3 processes CFOs can implement now to improve business performance
Tough economic conditions mean it's harder for businesses to meet financial objectives, but they could unlock lost revenue by improving processes through process mining.
Amid predictions of a mild 2023 recession, CFOs face challenges like high-interest rates and inflation affecting global economic performance. These conditions necessitate innovative, resilience-building strategies within companies, focusing primarily on optimizing foundational processes to unlock value and mitigate economic impacts. This approach involves identifying and rectifying costly errors within operational tasks, thereby safeguarding revenues.
Businesses can combat economic slowdowns by enhancing efficiency in their foundational processes, thus reclaiming lost revenue. Real-world examples include a telecommunications firm that saved millions by eliminating duplicate payments, a candy company reducing CO2 emissions and improving customer satisfaction by consolidating shipments, and a bioscience company boosting sales by removing unnecessary credit and delivery blocks.
Process mining technology, combining data mining and process analytics, serves as the catalyst for these transformations. This technology grants CFOs intricate insights into their companies’ operations, enabling more informed decision-making for enhanced efficiency and effectiveness. By 2025, Gartner predicts 80% of organizations will have integrated process mining into at least 10% of their operations, confirming its growing importance.
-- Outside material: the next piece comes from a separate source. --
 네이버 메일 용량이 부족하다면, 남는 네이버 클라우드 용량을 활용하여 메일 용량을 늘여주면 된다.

To bolster performance, CFOs should concentrate on three critical processes:
Optimizing Accounts Payable (AP): Economic pressures mandate refined AP processes to bolster free cash. Traditional complexities in AP departments often lead to missed discounts and duplicate or late payments, inviting penalties. Process mining illuminates these inefficiencies, offering solutions like extended payment cycles and increased touchless invoice rates through accurate data entry.
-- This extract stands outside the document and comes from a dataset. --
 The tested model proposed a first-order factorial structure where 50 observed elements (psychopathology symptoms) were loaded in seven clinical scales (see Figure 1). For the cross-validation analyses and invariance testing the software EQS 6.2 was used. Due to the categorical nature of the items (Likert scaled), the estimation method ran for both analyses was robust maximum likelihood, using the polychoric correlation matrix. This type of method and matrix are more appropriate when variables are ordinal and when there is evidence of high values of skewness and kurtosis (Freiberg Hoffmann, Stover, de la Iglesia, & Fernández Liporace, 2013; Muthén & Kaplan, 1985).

Improving Accounts Receivable (AR): Despite its importance in securing consistent financial results, many businesses struggle with AR due to systemic misalignments, visibility issues, and over-reliance on manual tasks. Process mining in AR provides comprehensive data views and actionable insights, such as real-time credit risk assessments, enhancing overall operations.
Streamlining Supply Chains: With supply chains disrupted by demand fluctuations, inventory inconsistencies, and labor deficits, CFOs need to unearth hidden efficiencies within. Process mining aids this by offering real-time inventory knowledge and other strategic advantages, such as eliminating unnecessary delivery blocks and improving sustainability and customer satisfaction metrics.
However, CFOs have identified technological inadequacies as a primary obstacle in leveraging data for insights, with system upgrades and automation being potent solutions. By fully adopting transformative technologies like process mining, CFOs can revolutionize mundane tasks, leading to substantial improvements across various business aspects.
Conclusively, as businesses navigate 2023’s complexities, CFOs harnessing process mining to refine key operational aspects could establish a foundation for enduring success, achieving objectives like cost management, cash flow enhancement, and market share expansion.